Cependant, le commerce de détail souffre d'un manque flagrant d'investissement comparé aux autres secteurs. Cela représente seulement 2,3 % du chiffre d'affaires consacré aux investissements contre 5,8 % pour la moyenne des autres secteurs (chiffres Insee). Il est recommandé de doubler ce chiffre et de concentrer les investissements sur l'intensification des aides dans l'omnicanalité ou vers des actions favorisant la transition énergétique.

Par ailleurs, considérant que le commerce de détail constitue un véritable tremplin professionnel, ses métiers étant nombreux à être ouverts aux candidats sans qualification, la professionnalisation des équipes de vente est un enjeu majeur. Plusieurs mesures à encourager ici :

  • Inciter les employeurs à financer une formation diplômante à leurs salariés dans les métiers de la vente et des nouvelles technologies.
  • Mener des campagnes de communication à grande échelle sur l’opportunité d’utiliser son CPF tant auprès des recruteurs que des recrutés.
  • Revaloriser les salaires pour créer de la motivation et redonner de l’appétence pour les métiers du retail.

Les promotions, un outil inégalement profitable

Depuis plus de 20 ans, les professionnels peinent à s’accorder sur ce qui constitue une date adéquate ou une durée idéale des soldes. Le même problème s’observe sur les activités promotionnelles : ventes privées ou promotions cadencées dans l’année.

Plusieurs raisons à cela. En premier lieu, la différence entre les structures, leur taille et la marge de négociation qui en découle (grands magasins, réseaux d’enseignes, commerces indépendants) et le décalage entre les périodes de livraison des collections. En second lieu, la volatilité de la clientèle qui recherche des prix bas et qui achète aussi bien en ligne qu’en magasin.

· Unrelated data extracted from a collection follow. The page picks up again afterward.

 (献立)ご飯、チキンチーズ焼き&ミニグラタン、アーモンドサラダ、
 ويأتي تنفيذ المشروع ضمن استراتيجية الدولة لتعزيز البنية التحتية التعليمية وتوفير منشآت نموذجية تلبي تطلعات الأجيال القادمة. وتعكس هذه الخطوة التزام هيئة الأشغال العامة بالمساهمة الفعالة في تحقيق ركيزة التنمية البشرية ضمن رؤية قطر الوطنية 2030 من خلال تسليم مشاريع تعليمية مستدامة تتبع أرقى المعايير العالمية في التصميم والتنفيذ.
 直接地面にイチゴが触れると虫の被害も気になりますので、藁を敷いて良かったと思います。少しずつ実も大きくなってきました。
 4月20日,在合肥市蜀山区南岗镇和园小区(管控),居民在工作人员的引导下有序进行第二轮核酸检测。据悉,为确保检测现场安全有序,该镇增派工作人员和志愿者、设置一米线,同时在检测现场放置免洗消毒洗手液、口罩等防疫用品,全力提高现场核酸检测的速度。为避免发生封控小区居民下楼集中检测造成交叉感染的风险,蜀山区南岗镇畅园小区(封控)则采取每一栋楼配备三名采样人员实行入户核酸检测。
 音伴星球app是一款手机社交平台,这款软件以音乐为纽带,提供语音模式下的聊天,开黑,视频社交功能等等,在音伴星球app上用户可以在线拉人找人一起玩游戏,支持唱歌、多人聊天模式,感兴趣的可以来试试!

Les commerces indépendants sont nombreux à réclamer un encadrement plus rigoureux des pratiques promotionnelles. La France reste cependant soumise à l’obligation de ne pas édicter de règles plus strictes que celles définies par l’Union européenne.

Du côté des marques :

  • Trouver le bon équilibre dans les contrats de distribution entre la marque et les détaillants est possible en fournissant des collections exclusives aux commerçants multimarques pour éviter le télescopage des pratiques promotionnelles. Par exemple, en ouvrant la négociation sur des gammes de produits non commercialisées sur le e-shop du fournisseur.
  • Rééquilibrer les pratiques promotionnelles en s’inspirant des pratiques des grands magasins, avec la mise en place de collaborations exclusives permettant de détourner la pratique permanente de comparaison des prix et de mener une politique différenciée selon les produits et types de marques.

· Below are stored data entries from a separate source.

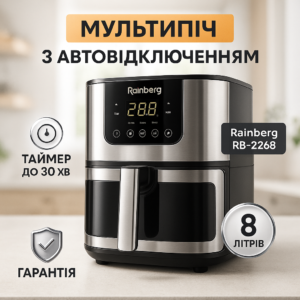 Аерогриль Rainberg RB-2268 4200 Вт аерофритюрниця безолійна без олії з регулюванням температури 8 лАэрогриль Rainberg RB-2268 4200W аэрофритюрница безмасляная без масла с регулировкой температуры 8 л
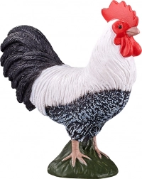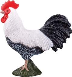 Hűen formázott tollazat, kontrasztos fekete-fehér színezés és piros taréj a kakas autentikus megjelenéséért.
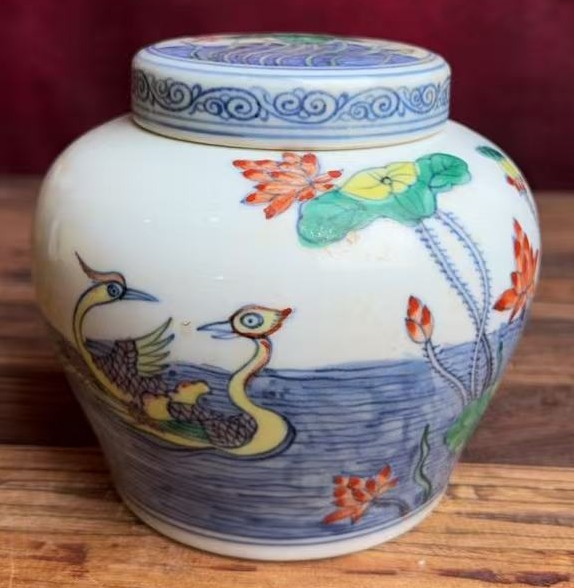 名称:明成化斗彩莲池鸳鸯纹盖罐
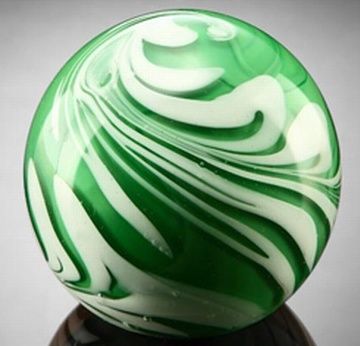 GREEN SWIRL - ART GLASS SPHERE / PAPERWEIGHT - HAND CRAFTED - 4" DIAMETER

Du côté des pouvoirs publics :

  • Contrôler davantage la réalité des pratiques promotionnelles qui précèdent les soldes et qui enfreignent la législation sur le prix de référence.
  • Mener une réflexion globale sur le décalage de la date des soldes au regard du changement climatique.
  • Interdire la gratuité des frais de livraison sur les sites des ventes en ligne afin de ne pas pénaliser le commerce physique.

La création d’un rendez-vous annuel avec les professionnels du secteur permettrait de maintenir le dialogue entre les différents acteurs et de continuer à être force de proposition auprès des pouvoirs publics.